Museo molto giovane, nato solo nel 1999, nelle vecchie scuderie della Peroni in via reggio Emilia, il MACRO è già in fase di ristrutturazione.
Il progetto di restauro, ideato dall'architetto Odile Decq, non solo mira a dare al museo una nuova veste architettonica ed estetica, ma anche a fare di esso il simbolo di ciò che contiene e del nuovo rapporto di dialogo che i musei di ultima generazione instaurano con i cittadini.
Attraverso questa nuova struttura infatti, che con l'impiego di moderni materiali e di materiali trasparenti introietta in maniera diretta, senza mediazioni, il passante nel suo interno, si spera anche di introdurre a Roma un nuovo linguaggio architettonico con il quale la capitale non ha ancora familiarità.
Il più significativo impulso proviene dall'altra sede del MACRO, anch'essa in corso di ristrutturazione, sita nell'ex-mattatoio di Testaccio, luogo simbolo dell'architettura industriale.
È nel 2002 che il MACRO utilizza due padiglioni di questa costruzione per allestire mostre più sperimentali rispetto a quelle ospitate nella sede principale, ed è qui che il 21 aprile approderà la mostra "Into me/out of me", vero banco di prova per il giovane museo capitolino.
La mostra inaugurata al P.S.1 Contemporary Art Centre di New York e passata poi per il Kunst-Werke Istitute di Berlino, rimarrà a Roma fino alla fine di settembre.
"Into me/out of me", a cura di Klaus Blenbach è una collettiva che espone 120 artisti, Abramovic, Barney, De Maria, Rist, Hirst, Canevari, tra i più noti. Il tema conduttore della mostra è il corpo e la ricerca sulla forza e fragilità della fisicità, in una ricerca che coinvolge intensamente e mette alla prova anche il visitatore.
Il fruitore contemporaneo infatti, non è "abituato" e non è sensibilizzato, nonostante le immagini che offrono i media, ad atrocità corporali come la decapitazione, la tortura, l'impiccaggione e sofferenze fisiche simili, le quali invece secoli fa erano comuni e di dominio pubblico.

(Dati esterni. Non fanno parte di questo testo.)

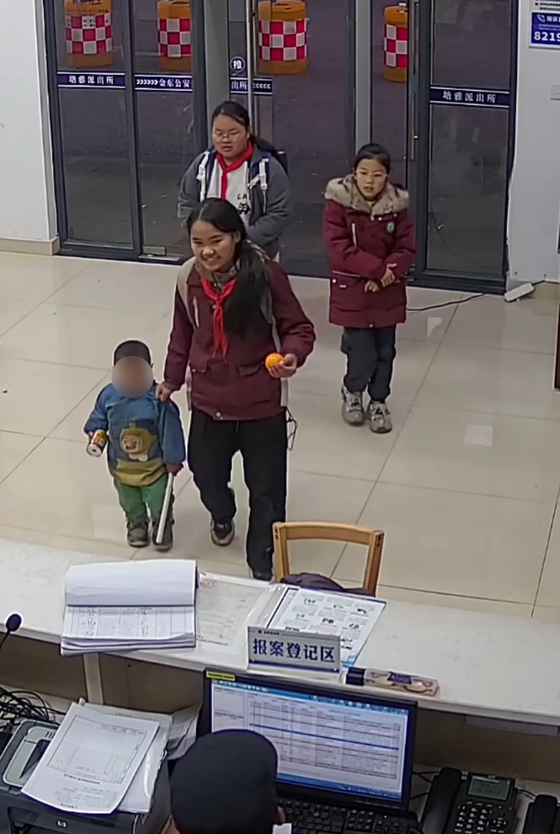 韦倩、唐万英、邹云曦领着一名2岁男孩走进派出所求助(央广网发 金东区委宣传部供图)
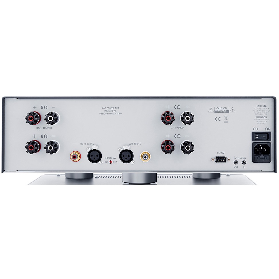 Все для того, чтобы обеспечить необходимую жесткость, и защиту от внешних помех, создаваемых другими компонентами системы. Каждый канал представлен тремя типами входов: небалансные RCA, балансные XLR от Neutrik и высококачественные акустические разъемы WBT Nextgen. Помимо этих входов есть релейный вход и вход для подключения RS232. В Primare А60 установлен мощный импульсный блок питания, который подключен к четырехслойной плате, на которой установлены изготовленные на заказ радиаторы, транзисторы MELF (1%). Все сигнальные дорожки изготовлены по принципу кратчайшего пути, а заземление оптимизировано для обеспечения наилучшего качества воспроизведения. Primare А60 полностью защищен от повреждений постоянным током или перегрева, присутствует система автоматического отключения акустических выходов. Внутренняя разводка до акустических терминалов выполнена кабелем Van Den Hul SCS12. Работа технологии UFPD (сверхбыстрый источник питания) была оптимизирована благодаря многократным прослушиваниям и подбору качественных компонентов.
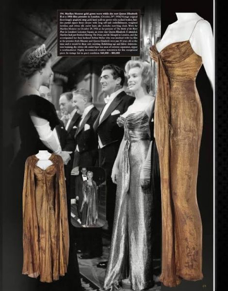 The gold lamé gown and cape worn by Marilyn when she was presented to Queen Elizabeth II at a royal screening of The Battle of River Plate in London’s Empire Theatre in 1956 will go under the hammer at Profiles in History’s Icons & Legends 120 sale on November 12-13, with an estimate of $60,000-$80,00. (You can read more about the famous meeting here.)
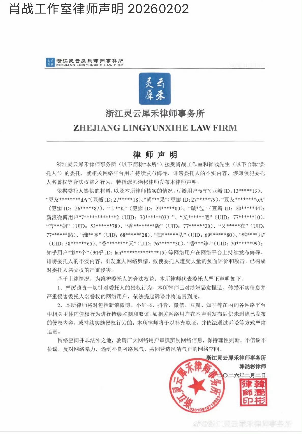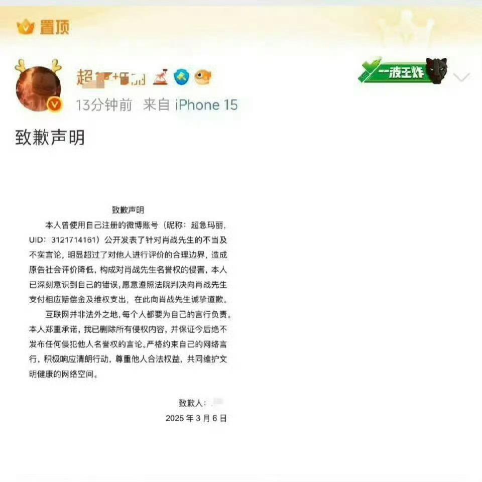 肖战更换律师团队肖战工作室一直在告黑一直在维权,都是实名制,道歉信赔偿一个都不能少,网暴犯一个都别想逃过

Gli artisti propongono e comunicano al pubblico mali e sofferenze "contemporanee" come gli autoritratti fotografici di Hannam Wilke (1993) con i quali ella documenta gli stadi avanzati del proprio cancro al seno, o il video di S. Landau (2000) in cui l'artista fa l'hula-hoop con un cerchio di filo spinato su una spiaggia israeliana.
Altra opera significativa, dove, a differenza delle precedenti, la sofferenza è rappresentata indirettamente e non è esplicitamente manifestata, è "Rwanda Rwanda" di Alfredo Jaar (1992). L'artista cerca di comunicare al mondo occidentale le sofferenze di circa un milione di persone uccise durante la guerra civile in Rwanda non dalla mano anonima delle armi di distruzione di massa, bensì da quelle di assassini noti, conoscenti e vicini di casa, che durante i massacri venivano guardati in faccia dalle vittime.
La mostra è quindi, non solo per il Macro ma anche per la capitale, un vero banco di prova, una occasione e una sfida per una città che per ragioni diverse è ancora troppo lontana dalle espressioni più all'avanguardia dell'arte contemporanea.